# INFORMATION SHOWN
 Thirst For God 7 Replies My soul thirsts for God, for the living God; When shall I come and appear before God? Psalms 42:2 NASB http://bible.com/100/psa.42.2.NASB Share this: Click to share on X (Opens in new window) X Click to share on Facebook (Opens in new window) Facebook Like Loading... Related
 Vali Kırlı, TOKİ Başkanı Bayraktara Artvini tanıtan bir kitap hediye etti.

...

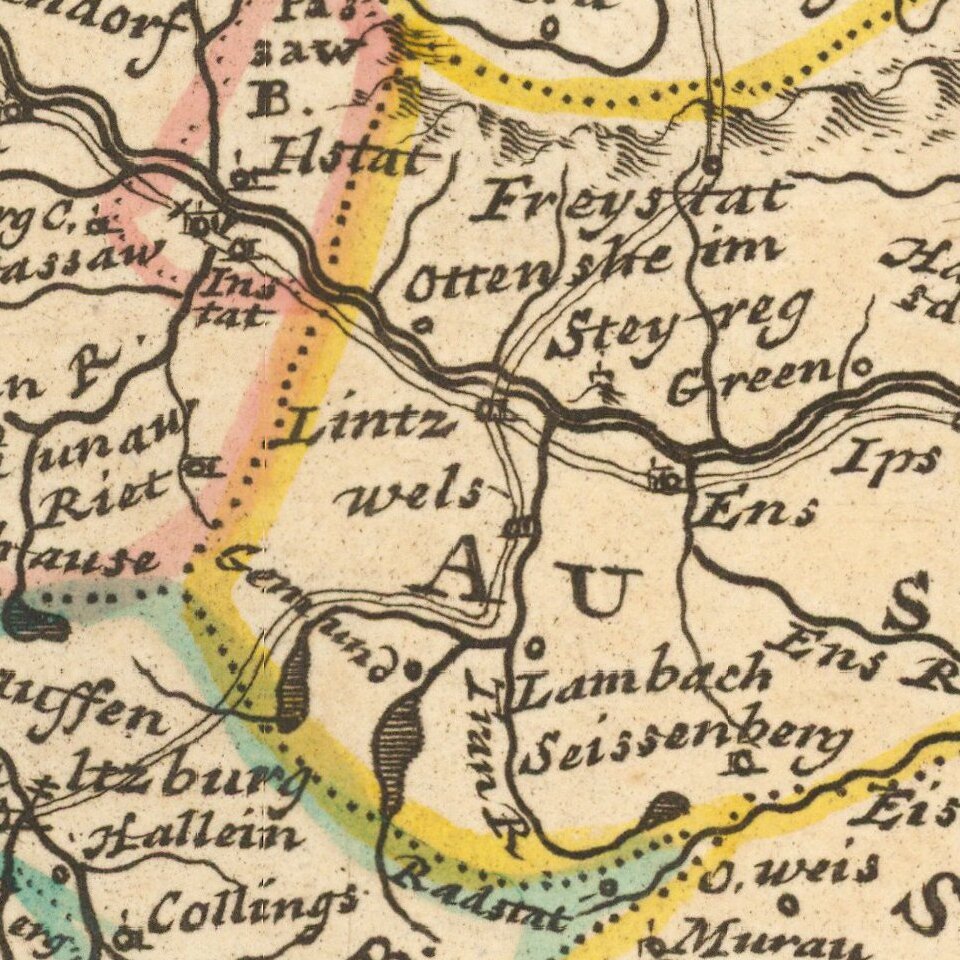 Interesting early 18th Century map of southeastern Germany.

--

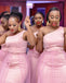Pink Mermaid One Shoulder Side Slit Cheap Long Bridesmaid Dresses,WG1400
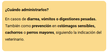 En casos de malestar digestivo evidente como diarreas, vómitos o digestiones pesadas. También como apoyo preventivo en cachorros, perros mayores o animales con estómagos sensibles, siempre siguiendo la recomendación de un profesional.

# WORK ITEM
From the entries above, copy exactly the lines starting at the one with "Pink Mermaid One" and stopping at the one with "En casos de", keeping both ends. Drop the pictures.

# EXERCISE ANSWER
Pink Mermaid One Shoulder Side Slit Cheap Long Bridesmaid Dresses,WG1400
 En casos de malestar digestivo evidente como diarreas, vómitos o digestiones pesadas. También como apoyo preventivo en cachorros, perros mayores o animales con estómagos sensibles, siempre siguiendo la recomendación de un profesional.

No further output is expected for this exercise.